Better understanding of data, physics key to BHA optimization
Companies realizing that a more holistic approach may be needed to enable precise directional control while optimizing ROP
By Stephen Forrester, Contributor
In an industry that continues to face financial headwinds, it is more important than ever that drilling is a cost-effective endeavor. Solutions over the past decade have achieved some success in the cost per foot of drilling, but those solutions have often focused on optimizing individual items within a given bottomhole assembly (BHA) – for example, implementing a more powerful motor or a more precise rotary steerable system (RSS).
Although such pieces of equipment and technology, when incorporated individually into a BHA, can improve some performance metrics, the current market environment demands more holistic BHA optimization to achieve better results. By looking at BHAs with a more critical eye, companies can work to improve operational efficiencies, reduce equipment damage and associated maintenance costs, and decrease the capital necessary to drill wells.

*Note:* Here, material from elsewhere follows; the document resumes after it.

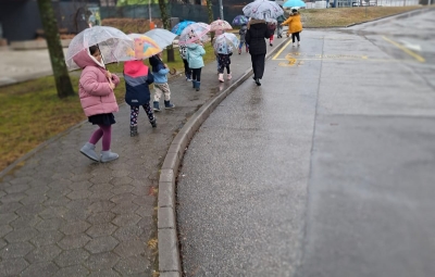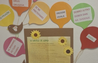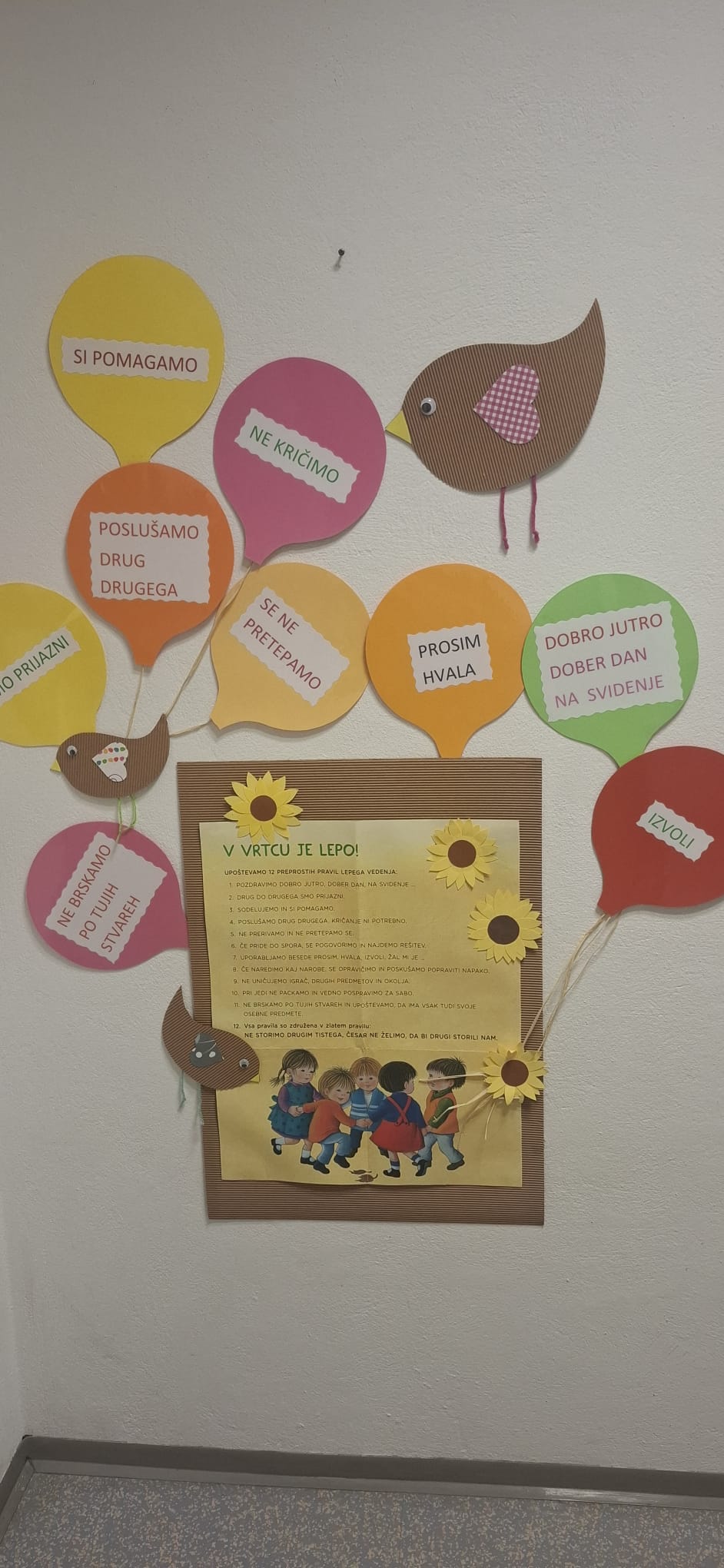 Pri Ptičkih smo posebno pozornost namenili lepemu vedenju, prijaznosti in medsebojnim odnosom. Ugotovili smo, da se vsi bolje počutimo, kadar smo drug do drugega spoštljivi in prijazni. Pogovarjali smo se o primernem vedenju ob obisku ter o tem, da s seboj vedno »vzamemo« bonton – besede, kot so prosim, hvala, izvoli, ja, prosim in ne, hvala. Naučili smo se tudi razlikovati med tikanjem in vikanjem. Dotaknili smo se tudi raznolikosti med ljudmi – spoznali smo, da imamo različne okuse, sposobnosti in da vsaka družina živi nekoliko drugače. Pogovarjali smo se o tem, kako pomembno je, da ne prizadenemo drugih z nepremišljenimi besedami, da se ne bahamo s tem, kar imamo, ter da svoje mnenje izrazimo na spoštljiv način. V ta namen smo izdelali »bontonski semafor« – kadar se vedemo primerno, pobarvamo zeleno luč, ob neprimernem vedenju pa rdečo. Spoznali smo tudi nekaj vaj za pomirjanje in obvladovanje neprijetnih čustev. Tudi v deževnem vremenu nismo pozabili na gibanje – obuli smo škornje, odprli dežnike in se odpravili na sprehod, kjer smo uživali v svežem zraku ter opazovali naravo v drugačni podobi.

Understanding drilling dynamics
For NOV, BHA optimization involves a modern systems approach, where both service companies and operators need to examine designs and configurations more critically. Tony Pink, Chief Technology Officer of NOV’s Wellbore Technologies segment, believes that he’s seeing an ongoing transition in BHA design. “We’re seeing high-tech BHAs with a drive system, likely an RSS, connected via MWD/LWD and real-time, along-string drilling dynamics tools, into wired drill pipe,” he said. “Real-time data is acquired by the rig at surface and analyzed, and answers are determined by the system using that data set. This enables full closed-loop automation back to the drilling control system, which communicates with the RSS and sends a setting to geosteer the well and deliver accurate, precise reservoir placement.”
In line with the industry’s shift toward remote operations, NOV aims to design BHAs that optimally function while removing people from the rig site and placing them in a real-time operating center.
The company also believes that advancements in drilling motors, which will be powered by digital software that automatically talks to the rig’s control system for orientation and steering, will fundamentally change directional drilling. The company is developing software with embedded artificial intelligence and machine learning, which allows the software to continually learn and optimize drilling parameters, as opposed to basing decisions on a simple lookup table.
The challenge is that, while enabling precise directional control, ROP also needs to be optimized.
Mr Pink laments that the industry has lost its understanding of the fundamentals of drilling dynamics, like stabilizer placement and design, the appropriate amount of inertia in a drillstring to overcome the shear modulus of the formation, and so forth. Much of the loss has stemmed from the great crew change, as well as repeated downturns and volatile business cycles.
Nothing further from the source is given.